Explore Quirky Landmarks and Trails Full of Wildlife on a Lincoln and Concord Day Trip

Urban sprawl hasn’t compromised Lincoln’s still-rural character or Concord’s colonial charm, which remains centuries after Paul Revere set out for the town on his famous midnight ride. It also hasn’t compromised the still-quiet natural attractions in both places, from freshwater wetlands teeming with wildlife to recently built rail trails. Get trotting.

Great Meadows National Wildlife Refuge / Photo by Bryan/Flickr

Approximate Drive Time From Boston: 30 minutes


Hapgood Wright Town Forest, Concord

Discover the “Peaceful Easy Feeling” that inspired Eagles musician (and noted conservationist) Don Henley to purchase and protect several trails within these storied woods. The soft drum of footsteps through old-growth pine, the bird songs around enchanting Fairyland Pond, and the quotes by luminaries such as Gandhi inscribed on granite stones at the secluded Reflection Circle are all music to a nature lover’s ears.

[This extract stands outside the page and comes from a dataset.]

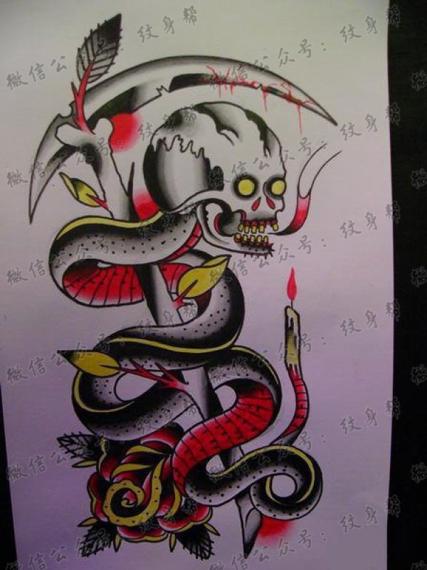 时尚很酷的一款蛇与死神镰刀纹身图案

Great Meadows National Wildlife Refuge, Lincoln/Concord

Look closely as you navigate the nature paths surrounding these town-spanning freshwater wetlands, a birdwatcher’s heaven: In addition to flocks of great blue heron, you might spy red fox, white-tailed deer, and more wildlife on the grassy green banks, especially at dusk and dawn. The views are especially prime along the observation-tower-equipped Dike Trail in Concord.

Wright Woods, Concord

Walden Pond is a gorgeous local landmark, but right now, its notoriety may work against it. (’Tis not the season for crowds.) Instead, explore this abutting 311-acre crown jewel of the Concord Land Conservation Trust. Nine miles of trails wind through the hickory- and birch-filled forest; the Andromeda Ponds, glacial kettle holes that are now picturesque bogs; remnants of a former fairground; and a historical stone boathouse astride the scenic Sudbury River.

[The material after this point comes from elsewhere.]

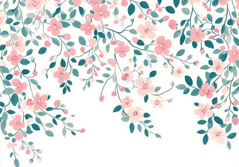 Breng een frisse en vrolijke sfeer in huis met dit speelse fotobehang. Het ontwerp toont sierlijke takken vol roze bloesems en groene bladeren die elegant over een witte achtergrond hangen. De zachte kleuren en luchtige compositie geven de ruimte een lichte en levendige uitstraling.
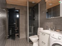 - Kph: suihku, lasisuihkuseinä, allaskaappi, peilikaappi, käsienpesuallas, wc-istuin, bidee-suihku, kiinteät valaisimet, pesukoneliitäntä. Sauna: sähkökiuas.

Bay Circuit Trail & Greenway / Photo courtesy of Wikipedia


Bay Circuit Trail & Greenway, Lincoln to Concord

Traverse as much—or as little—as your calf muscles allow along this impressive 230-mile route, which cuts through 37 towns but is particularly scenic in the Lincoln/Concord area. Along the dirt and paved trails, you’ll pedal through forests and fields, pass quaint farmhouses and placid ponds, and connect to other pathways that are just as scenic.

Bruce Freeman Rail Trail, Concord to Lowell

Eventually, this 10-foot-wide recreation trail, which traces a historical railroad route, will connect Lowell to Framingham. But the ongoing project has already yielded a paved, tree-lined segment easily accessed from the West Concord MBTA station. Take in tranquil Nashoba Brook, gaze at the murals bordering the path in Chelmsford, and continue to the trail’s northern terminus to make an afternoon of it.

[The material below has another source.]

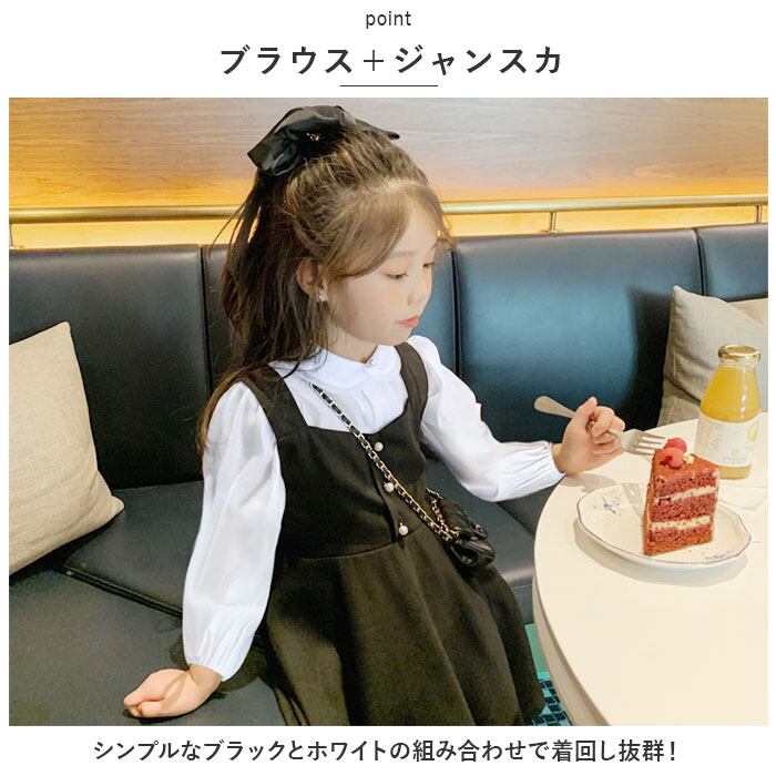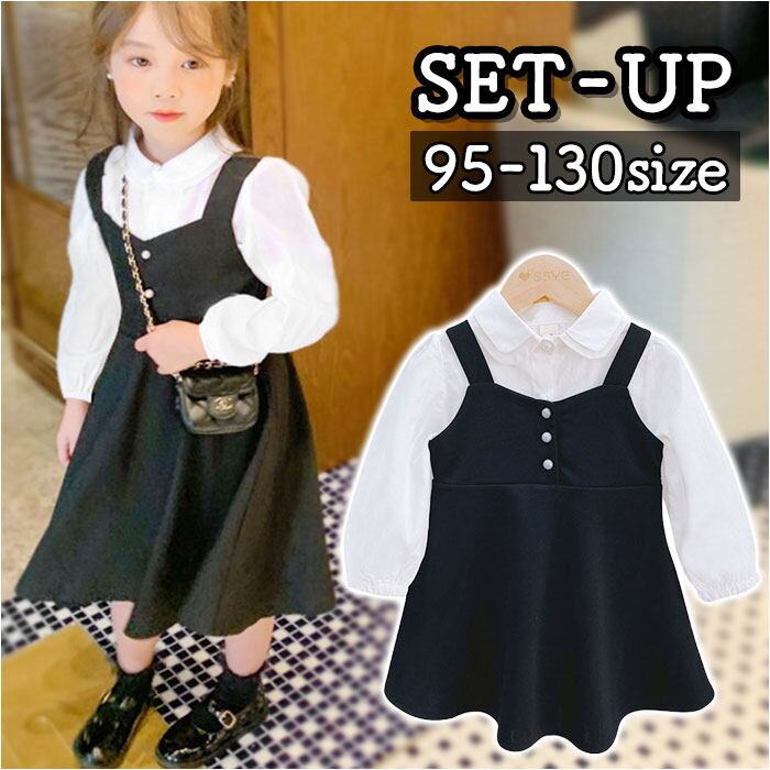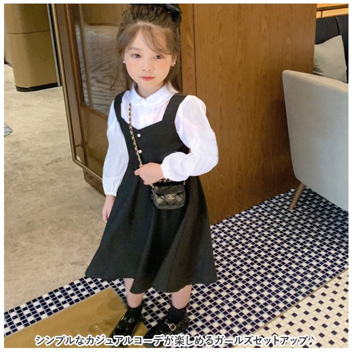 キッズ セットアップ 女の子 通販 ジャンパースカート サロペット スカート ブラウス 上下セット フォーマル ワンピース セレモニー シャツ 約 90 100 110 120 130 長袖 子供服 子ども 入園式 卒園式 おしゃれ トップス 可愛い かわいい

Reformatory Branch Trail, Bedford to Concord

This rustic offshoot of the Minuteman Bikeway—a paved route for daily commuting to Cambridge—offers 4 more miles of packed-earth pathways perfect for weekend exploring. Bounce over old rail ties, hop off to check out wooded detours, then refuel with takeout from the aptly named Trail’s End Café in Concord.


Pack the perfect picnic using curbside pickup from the landmark Cheese Shop in Concord, one of the area’s best fromageries. From buttery Camembert to funky blues, you’ll find dozens of varieties to create your dream cheese board. There’s also an excellent selection of other necessary al fresco provisions, from dips to imported charcuterie to bottles of fine wine.


Stage an Artsy Instagram Shoot

It’s called “Ponyhenge”—a graveyard of dozens of abandoned rocking horses that stand sentinel on a bucolic pasture in Lincoln. The arrangement often mysteriously changes, and the toy herd’s number is constantly growing thanks to community contributions.


Scratch your museum itch at the reopened grounds of Lincoln’s deCordova Sculpture Park and Museum. One of the contemporary-art-filled sanctuary’s latest additions is Watershed, a granite structure built into a hill that cleverly incorporates rain runoff into its design. More of a bookworm? Honor the rich history of local literati with a pilgrimage to Author’s Ridge at Sleepy Hollow Cemetery, resting place of Ralph Waldo Emerson, Henry David Thoreau, Nathaniel Hawthorne, and others. Finally, take home a slice of the area by picking up pie-ready fruit at family-owned Verrill Farm, where juicy strawberries await.